Segment Start: Working data

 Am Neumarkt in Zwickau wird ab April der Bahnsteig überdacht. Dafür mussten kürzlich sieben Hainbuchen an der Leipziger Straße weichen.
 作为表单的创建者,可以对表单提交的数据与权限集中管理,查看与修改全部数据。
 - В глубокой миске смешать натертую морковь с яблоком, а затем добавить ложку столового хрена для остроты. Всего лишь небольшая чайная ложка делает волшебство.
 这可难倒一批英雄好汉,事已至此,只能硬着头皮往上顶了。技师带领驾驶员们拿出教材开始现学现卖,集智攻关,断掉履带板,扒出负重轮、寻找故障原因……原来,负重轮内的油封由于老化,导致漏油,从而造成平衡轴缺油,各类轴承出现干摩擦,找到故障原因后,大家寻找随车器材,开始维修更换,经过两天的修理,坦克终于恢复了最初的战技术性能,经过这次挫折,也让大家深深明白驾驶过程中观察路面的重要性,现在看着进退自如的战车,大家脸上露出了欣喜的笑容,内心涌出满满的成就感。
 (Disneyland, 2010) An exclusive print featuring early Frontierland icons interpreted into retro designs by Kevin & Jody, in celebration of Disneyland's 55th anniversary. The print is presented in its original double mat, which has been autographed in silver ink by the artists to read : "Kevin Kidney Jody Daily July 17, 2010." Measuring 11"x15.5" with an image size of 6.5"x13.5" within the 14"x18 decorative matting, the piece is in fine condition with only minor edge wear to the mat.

Segment End: Working data
Segment Start: Working data

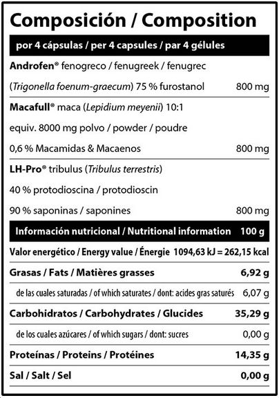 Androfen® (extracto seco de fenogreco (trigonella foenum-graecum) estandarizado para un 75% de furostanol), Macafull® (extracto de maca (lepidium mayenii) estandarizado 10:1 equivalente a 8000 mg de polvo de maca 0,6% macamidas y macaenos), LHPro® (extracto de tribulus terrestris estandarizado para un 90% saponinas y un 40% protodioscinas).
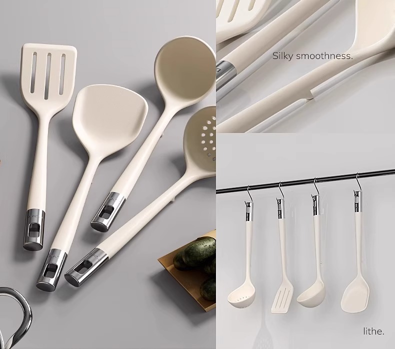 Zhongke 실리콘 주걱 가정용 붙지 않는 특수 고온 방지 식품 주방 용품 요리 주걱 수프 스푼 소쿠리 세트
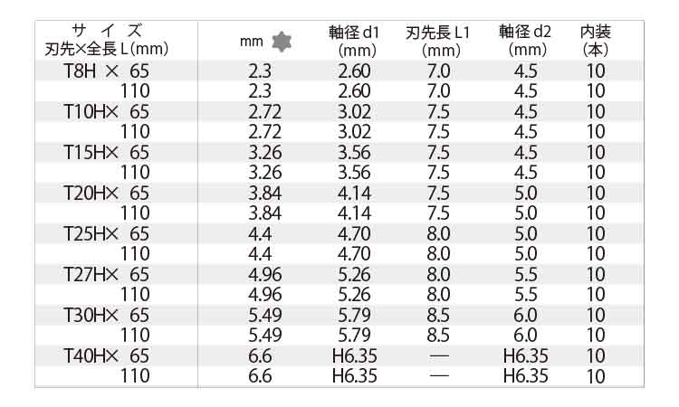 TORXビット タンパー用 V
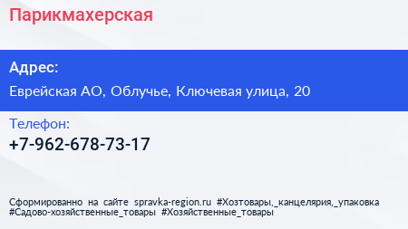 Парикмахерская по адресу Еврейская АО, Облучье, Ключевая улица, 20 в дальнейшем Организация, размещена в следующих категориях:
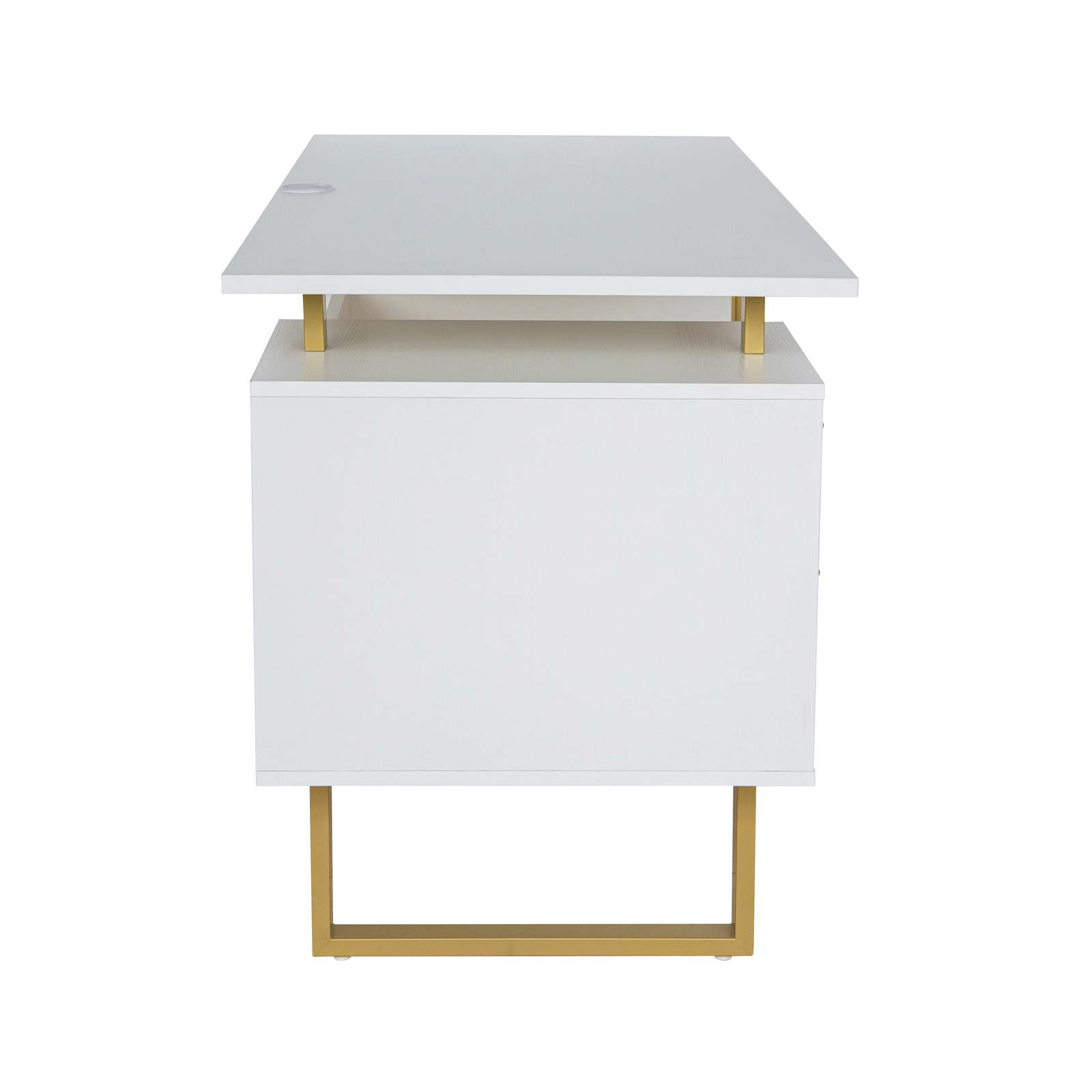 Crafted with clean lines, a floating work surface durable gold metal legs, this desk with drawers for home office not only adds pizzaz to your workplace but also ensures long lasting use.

Segment End: Working data

Copy exactly, without pictures, the lines above from the one with "Парикмахерская по адресу" down to the one with "Crafted with clean", inclusive.

 Парикмахерская по адресу Еврейская АО, Облучье, Ключевая улица, 20 в дальнейшем Организация, размещена в следующих категориях:
 Crafted with clean lines, a floating work surface durable gold metal legs, this desk with drawers for home office not only adds pizzaz to your workplace but also ensures long lasting use.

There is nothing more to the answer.